Last week I stood in a room in
Marina Tsvetaeva's (tsva-TI-va) Moscow flat. Sunlight poured through a window, across her writing desk, onto her chair, the bookshelf behind, and finally to the wood floor at my feet. Galina, our guide, opened a book of Marina's poetry and began reading.
There's a window lit, -
Shining all the time.
Maybe they just sit
Or perhaps, drink wine.
Maybe two embraced
And it doesn't end,
In every single place,
There's one, my friend.
Not from candles or lamps, the lights arise:
But, from sleepless eyes!
Window - parting woe
Window - meeting glee
A hundred candles glow
Or maybe - only three. . .
Then, it starts anew
And I can't find peace.
In my house, too,
There is one like this.
Pray, I beg you, friend, for the sleepless place,
For the window's blaze.
(translation by Andrey Kneller)
She closed the book and said, "These floors, these walls remember her voice, her quiet footsteps where she wrote in the early morning, then opened her door to the day's problems."
I followed Galina, along with the other participants in the tour of "Russian Poets of the 1920s and 30s," to the next room of the
Marina Tsvetaeva Memorial Flat and Museum Cultural Center.
A trunk, child's table with chairs, wrought iron white crib, stuffed animals, book - a reconstructed setting, period pieces, symbolizing lives lived here almost a hundred years ago. Galina continues, "Marina and her husband, Sergey Efron, had 3 children - a son, Gregory, and daughters, Irina and Alya. During the famine following the Revolution, Marina sent Irina to a state orphanage where she heard there was more food. Tragically, she was misinformed.
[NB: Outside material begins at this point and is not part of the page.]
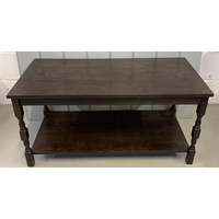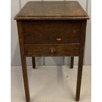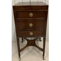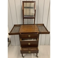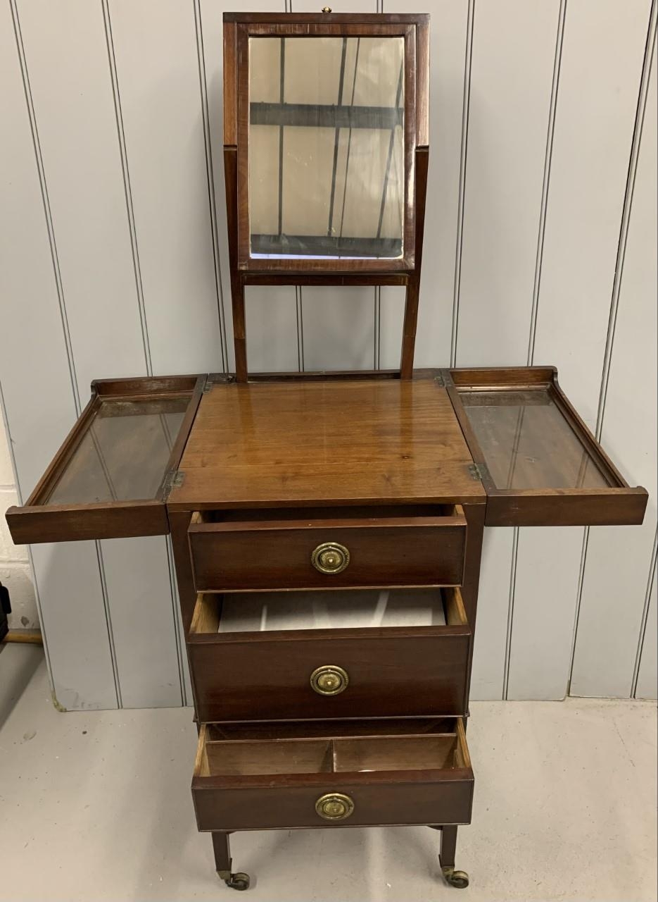 An Edwardian, campaign-style dressing table/washstand. Double hinged top houses an integrated/adjustable mirror. Three drawers, with brass drawer handles, castors & carry handles.

Irina died of malnutrition." Galina opened the book and read of the depths of Marina's guilt and sadness.
Two hands lightly lowered
On a child's head!
I was given two little heads
One for each.
Both of them,
Clenched in frenzy, with all my might,
Grabbing the older one from darkness---
I could not save the younger one.
Two little hands to caress, to smooth
The tender curly heads.
Two hands---and now one of them
Overnight became empty.
The fair one---on a thin little neck
Like a dandelion on its stalk,
I have still not grasped
That my child is in the earth.
-(translation contained in book by Lily Feiler, Marina Tsvetaeva: The Double Beat of Heaven and Hell)
From room to room, poem to poem, we learned of this woman's life.
A woman ~
*whose early years were lived in an upper class family, attending European schools
*whose adult years, 17 of them, were spent in exile due to her and her husband's anti-Bolshevik sentiments
*whose work was shunned by established Soviet writers upon her return to Russia
*whose writing was banned from publication in Russia until the early 1960s
*whose husband was executed as a spy
*whose daughter, Alya, was imprisoned in a camp for 8 years
*whose life was ended, by her own hand, as she lived in poverty
In the Russia of today, Marina is regarded, in the words of our guide, as "one of the greatest Russian poets of the 20th century." I can only shake my head in wonder at History's repetitions, as it invariably finds value in voices once silenced. Is it only with time, perspective and elimination of fear that writers such a Tsvetaeva and contempories, Pasternak, Akhmatova and Mandelshtam can be heard?
Marina's poetry is a testament to her life, to a time of upheaval, of life-altering choices, of events beyond her grasp to control, when her writing was likely her most constant and consoling companion. She wrote through the intensity of her joys and despairs, her losses and final loneliness. In the truest sense of a lyric poet, she expressed her deepest emotions as if a lyre were sounding each syllable.
Before leaving Marina's home, Galina stopped in one last room, opened her book and read.
My poems, written early, when I doubted
that I could ever play the poet's part,
erupting, as though water from a fountain
or sparks from a petard,
and rushing as though little demons, senseless,
into the sanctuary, where incense spreads,
my poems about death and adolescence,
-that still remain unread! -
collecting dust in bookstores all this time,
(where no one comes to carry them away!)
my poems, like exquisite, precious wines,
will have their day!
-translation by Andrey Kneller
Marina's poems have found another reader in me. . . and now in you.